→ **DATA LISTING**:
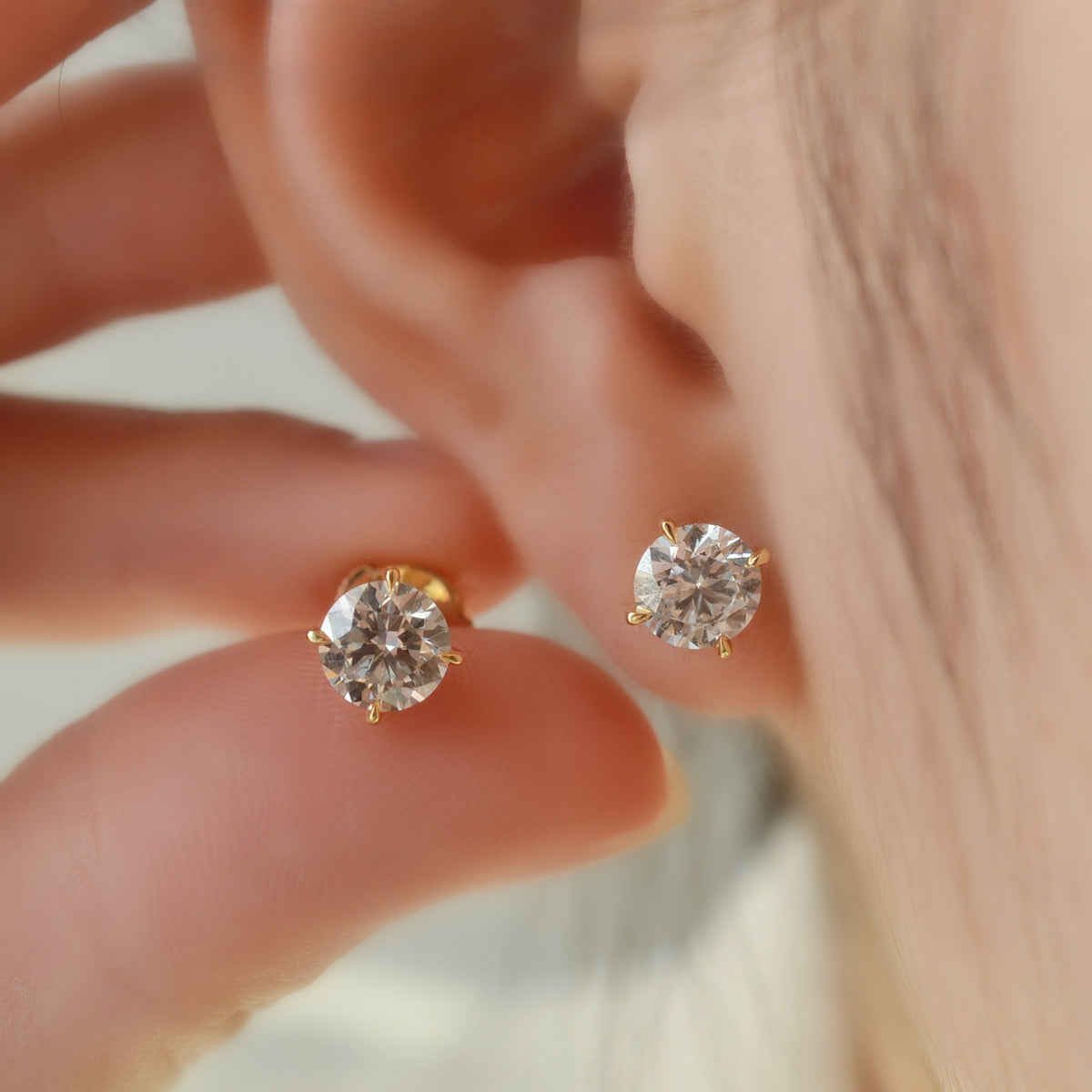 The Alya earrings showcase a 1-carat (2x) round lab-grown diamond, chosen for its fineness and delicate balance.
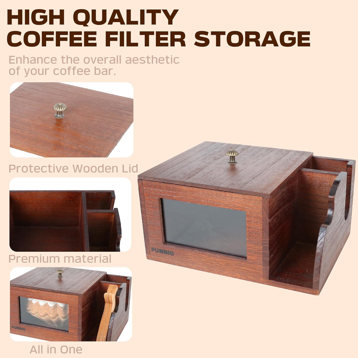 - Innovative Design:Our coffee filter storage combines a stylish holder and a dedicated storage box, thoughtfully designed to accommodate various types of coffee filters. The coffee filter holder keeps filters readily accessible, while the storage box protects them from dust. This all-in-one coffee filter holder is perfect for any coffee enthusiast, ensuring your brewing setup is both organized and efficient.
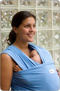 Moby Wrap (with storage pouch)-used 2 times, couldn't get the hang of it. Pale blue. $20
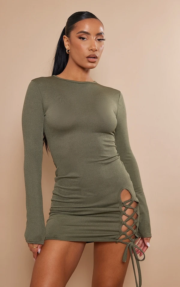 In love de cette robe à la coupe moulante flatteuse ! Avec sa couleur kaki tendance et son design à col haut très stylé, elle a tout d’une pièce culte. On aime la porter avec des talons transparents pour un look de soirée au top. Vous allez faire sensation !
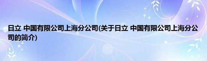 本文关于日立 中国有限公司上海分公司的简介就讲解完毕,希望对大家有所帮助。
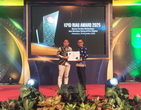 PEKANBARU – Bupati Bengkalis Kasmarni menerima penghargaan KPID Riau Award 2025 untuk kategori Tokoh Peduli Penyiaran, yang diwakili oleh Staf
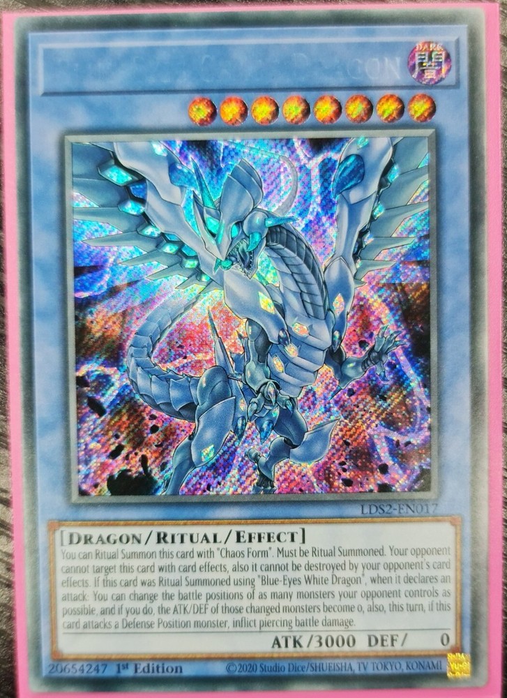 Blue Eyes Chaos Dragon - LDS2-EN017 MISPRINT (No Title) SECRET RARE - Yu-Gi-Oh! Card! This Card was pulled straight from a pack into a protective sleeve & Top loader. I Have listed Royal Mail as delivery However depending on the final sale value i Will find the absolute best way to transport this card safely. WIll be shipped in a protective plastic top loader and shipped in a protective bubble wrap envelope. Please feel free to ask any questions. Item Listed for £500 based on a similar Listing but willing to listen to serious offers.

→ **WHAT YOU HAVE TO DO**: Copy exactly what appears in the entries, beginning with the first line and ending with the line that has "- Innovative Design:Our", but not the pictures.

→ **WORKED SOLUTION**:
 The Alya earrings showcase a 1-carat (2x) round lab-grown diamond, chosen for its fineness and delicate balance.
 - Innovative Design:Our coffee filter storage combines a stylish holder and a dedicated storage box, thoughtfully designed to accommodate various types of coffee filters. The coffee filter holder keeps filters readily accessible, while the storage box protects them from dust. This all-in-one coffee filter holder is perfect for any coffee enthusiast, ensuring your brewing setup is both organized and efficient.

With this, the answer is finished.